WHAT IS NEEDED =
Please repeat exactly the lines below from the one containing "Script First Christmas" down to the one containing "the summertime |", both included, and nothing else.
*** GIVEN RECORDS Section Begins ***
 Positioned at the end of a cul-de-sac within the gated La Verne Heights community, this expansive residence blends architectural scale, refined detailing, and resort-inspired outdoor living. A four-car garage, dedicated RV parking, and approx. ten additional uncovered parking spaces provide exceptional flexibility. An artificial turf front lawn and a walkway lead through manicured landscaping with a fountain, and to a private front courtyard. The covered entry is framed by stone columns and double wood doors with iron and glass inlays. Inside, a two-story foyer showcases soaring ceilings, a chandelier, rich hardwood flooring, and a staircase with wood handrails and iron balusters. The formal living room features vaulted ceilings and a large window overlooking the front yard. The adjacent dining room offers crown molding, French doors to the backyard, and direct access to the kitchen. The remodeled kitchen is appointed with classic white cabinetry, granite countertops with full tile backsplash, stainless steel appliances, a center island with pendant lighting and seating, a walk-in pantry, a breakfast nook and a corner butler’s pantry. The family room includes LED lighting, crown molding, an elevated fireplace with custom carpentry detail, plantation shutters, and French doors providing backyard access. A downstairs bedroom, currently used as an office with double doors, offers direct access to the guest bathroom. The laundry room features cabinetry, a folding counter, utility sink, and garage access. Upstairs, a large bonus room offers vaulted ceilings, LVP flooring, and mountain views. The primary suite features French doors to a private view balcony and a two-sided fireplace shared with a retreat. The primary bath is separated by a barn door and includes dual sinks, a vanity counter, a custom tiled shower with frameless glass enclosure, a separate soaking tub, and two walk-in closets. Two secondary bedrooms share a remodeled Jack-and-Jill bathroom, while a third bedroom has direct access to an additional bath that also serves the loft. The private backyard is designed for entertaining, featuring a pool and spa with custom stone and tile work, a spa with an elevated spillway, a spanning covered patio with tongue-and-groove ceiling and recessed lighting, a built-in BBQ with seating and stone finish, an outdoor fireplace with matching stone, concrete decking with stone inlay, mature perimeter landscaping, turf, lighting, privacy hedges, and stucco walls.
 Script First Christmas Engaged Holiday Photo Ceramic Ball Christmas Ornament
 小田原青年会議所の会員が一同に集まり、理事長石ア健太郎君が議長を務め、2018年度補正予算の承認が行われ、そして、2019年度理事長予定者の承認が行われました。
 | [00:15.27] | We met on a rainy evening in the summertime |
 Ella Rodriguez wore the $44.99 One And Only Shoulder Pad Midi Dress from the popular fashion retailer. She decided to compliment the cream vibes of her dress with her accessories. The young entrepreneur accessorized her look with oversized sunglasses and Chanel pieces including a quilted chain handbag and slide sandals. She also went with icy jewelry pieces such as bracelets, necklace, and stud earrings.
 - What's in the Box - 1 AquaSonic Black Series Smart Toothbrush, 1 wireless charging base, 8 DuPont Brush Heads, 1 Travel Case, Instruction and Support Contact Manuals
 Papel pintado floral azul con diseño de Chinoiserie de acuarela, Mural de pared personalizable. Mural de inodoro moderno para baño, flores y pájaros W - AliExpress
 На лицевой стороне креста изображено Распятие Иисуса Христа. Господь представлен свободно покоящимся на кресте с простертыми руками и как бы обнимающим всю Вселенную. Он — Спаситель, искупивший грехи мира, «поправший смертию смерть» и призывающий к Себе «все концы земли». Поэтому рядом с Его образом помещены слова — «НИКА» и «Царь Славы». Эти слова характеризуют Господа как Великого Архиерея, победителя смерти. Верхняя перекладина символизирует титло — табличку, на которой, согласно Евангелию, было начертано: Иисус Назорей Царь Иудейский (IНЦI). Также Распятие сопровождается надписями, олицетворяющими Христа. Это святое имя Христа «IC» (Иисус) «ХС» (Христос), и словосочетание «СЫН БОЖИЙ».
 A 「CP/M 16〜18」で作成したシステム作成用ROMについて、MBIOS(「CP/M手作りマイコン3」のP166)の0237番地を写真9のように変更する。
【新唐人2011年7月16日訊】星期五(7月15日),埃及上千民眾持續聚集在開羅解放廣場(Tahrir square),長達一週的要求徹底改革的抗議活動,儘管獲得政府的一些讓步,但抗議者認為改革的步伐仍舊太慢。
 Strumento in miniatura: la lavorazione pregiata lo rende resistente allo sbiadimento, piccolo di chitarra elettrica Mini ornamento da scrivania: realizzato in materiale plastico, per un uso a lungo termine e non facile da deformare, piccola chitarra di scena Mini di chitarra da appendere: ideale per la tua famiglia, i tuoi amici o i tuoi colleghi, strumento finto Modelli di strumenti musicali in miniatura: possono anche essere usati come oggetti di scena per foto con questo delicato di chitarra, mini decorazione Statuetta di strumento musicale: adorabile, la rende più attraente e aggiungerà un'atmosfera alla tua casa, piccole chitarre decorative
*** GIVEN RECORDS Section Ends ***
SOLUTION TO THE EXERCISE =
 Script First Christmas Engaged Holiday Photo Ceramic Ball Christmas Ornament
 小田原青年会議所の会員が一同に集まり、理事長石ア健太郎君が議長を務め、2018年度補正予算の承認が行われ、そして、2019年度理事長予定者の承認が行われました。
 | [00:15.27] | We met on a rainy evening in the summertime |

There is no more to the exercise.